In the above example, let's assume we have an additional step which evaluates our trained classifier and stores the results in a file `scores.json`. If we compute two performance metrics, the precision and the area under the ROC curve, the results may look like:

```json
{ "precision": 0.63, "roc_auc": 0.85 }
```

We can record this by expanding the pipeline description with an extra step, like this:
```yaml
stages:
  (...as above...)
  evaluation:
    cmd: python evaluate.py
    deps:
      - evaluate.py
      - classifier.pkl
    metrics:
      - scores.json
```

Running the whole pipeline with `dvc repro` will now also produce the file with the scores.

Let's make a change to the parameters file, e.g. to increase `total_var` to 0.95.

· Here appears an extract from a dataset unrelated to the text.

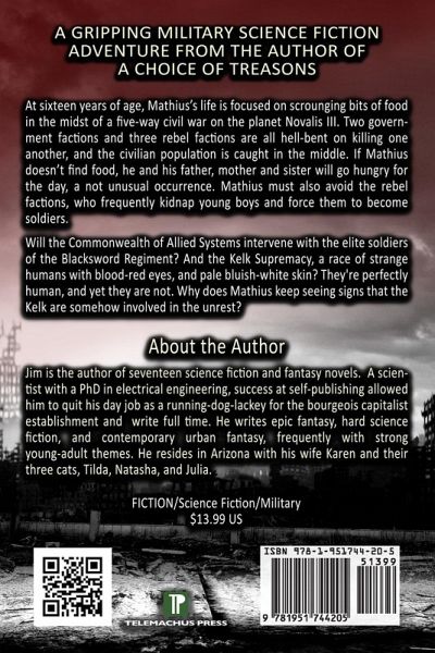 Praise for JL Doty's Sci-Fi: * "An excellent military SF novel, part Hornblower, part Wiggins. It had me from the first page and held on for the rest of them."-KEVIN J. ANDERSON, NEW YORK TIMES-BESTSELLING AUTHOR OF THE DARK BETWEEN THE STARS on OF TREASONS BORN * "A roller coaster ride of a story which is one of the best books I've read in years."-SFFWORLD on A CHOICE OF TREASONS For many the dying part is hard. For some the living part is even harder. At sixteen years of age, Mathius's life is focused on scrounging bits of food in the midst of a five-way civil war on the planet Novalis III. Two government factions and three rebel factions are all hell-bent on killing one another, and the civilian population is caught in the middle. If Mathius doesn't find food, he and his father, mother and sister will go hungry for the day, a not unusual occurrence. Mathius must also avoid the rebel factions, who frequently kidnap young boys and force them to become soldiers. Will the Commonwealth of Allied Systems intervene? And what of the Blacksword Regiment, the elite soldiers of the Commonwealth Security Corps? Will they sweep in and make everything right? And the Kelk Supremacy, a race of strange humans with blood-red eyes, and pale bluish-white skin? They're perfectly human, and yet they are not. Why does Mathius keep seeing signs that the Kelk are somehow involved in the unrest? A gripping saga of war and redemption. Order it now.

DVC will notice this and can show us the difference if we run `dvc params diff`:

```
Path         Param          Old    New
params.yaml  total_var      0.9    0.95
```

We can also easilly inspect what effect this has on the performance metrics. If we run the pipeline again, then `dvc metrics diff` will show us how the metrics have changed:

```
Path         Metric     Old     New      Change
scores.json  precision  0.63    0.65     0.02
scores.json  roc_auc    0.85    0.91     0.06
```

In two commands, we can run a whole series of steps and inspect the results - in this case, see that changing how we choose features after PCA has improved performance.

## Other DVC features

- **Automated plots** for metrics
- **Experiments** collect different runs and present them cleanly
- **Pushing** to remote storage, for backups and sharing
- **Python API** lets us call DVC functionality from a program (e.g. add a new file)

## MLflow

[MLflow](https://mlflow.org/) is a tool for tracking and rerunning machine learning workflows. It is similar to dvc but is controlled from a program rather than the command line, and is primarily focused on Python workflows.

- Tracking of code, data files, parameter configurations, environment, results.
- (Re)running code locally or remotely.
- Visual interface for monitoring progress.
- Integrations with specific toolchains and frameworks, e.g. Tensorflow.

## Summary
- DVC supports including data and files from other projects, from a variety of sources.
- Combining steps in pipelines makes it simpler to rerun analyses without manual intervention.
- Apart from files, DVC can also track metrics and automatically present the effect of changes.